Bring these questions to your vet appointment to get the most out of your visit.

  1. Do my donkey's signs fit EHV-1, EHV-4, or another respiratory disease?
  2. Should we do PCR testing, and do you want a nasal swab, blood sample, or both?
  3. How long should this donkey stay isolated, and what biosecurity steps matter most on my property?
  4. Which exposed donkeys, horses, or mules should have twice-daily temperature checks?
  5. Are there any neurologic warning signs that mean I should call you the same day or go to emergency care?
  6. If this donkey is pregnant or lives with pregnant equids, does that change the risk or management plan?
  7. What treatment tier makes sense for this case based on severity, goals, and cost range?
  8. When is it safe for this donkey to return to normal turnout, transport, or contact with other equids?

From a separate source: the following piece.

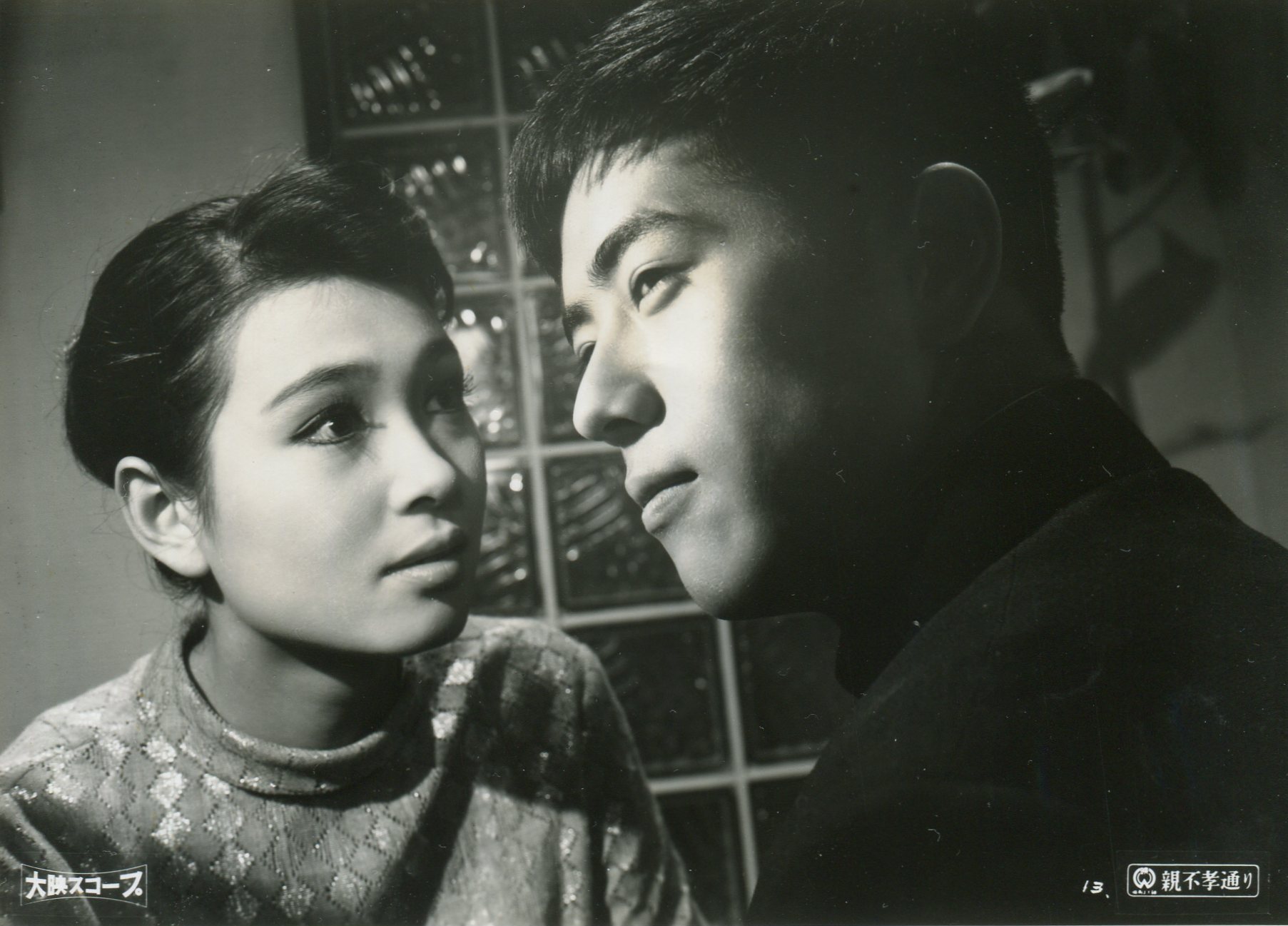 From L to R: Hitomi Nozoe, Hiroshi Kawaguchi in "Oyafuko Dōri" (1958) - publicity still

How to Prevent Equine Herpesvirus in Donkeys

Prevention starts with biosecurity. Quarantine new arrivals before mixing them with the resident herd, avoid sharing buckets and tack between groups, wash hands between animals, and clean trailers and high-touch surfaces regularly. If one donkey develops fever or respiratory signs, separate that animal right away and contact your vet before moving animals on or off the property.

Daily temperature monitoring during an exposure event can help catch cases early. This is especially useful after travel, shows, sales, boarding changes, or any time new equids join the group. Reducing stress also matters. Gradual management changes, good ventilation, avoiding overcrowding, and careful transport planning can lower the chance of viral shedding.

Vaccination may be part of a prevention plan, but it is not a complete shield. Available equine herpesvirus vaccines are used to help reduce respiratory disease and abortion risk associated with EHV-1 and EHV-4, but there is no vaccine labeled to prevent the neurologic form. Your vet can help decide whether a horse-style vaccination schedule is appropriate for your donkeys based on exposure risk, pregnancy status, travel, and herd structure.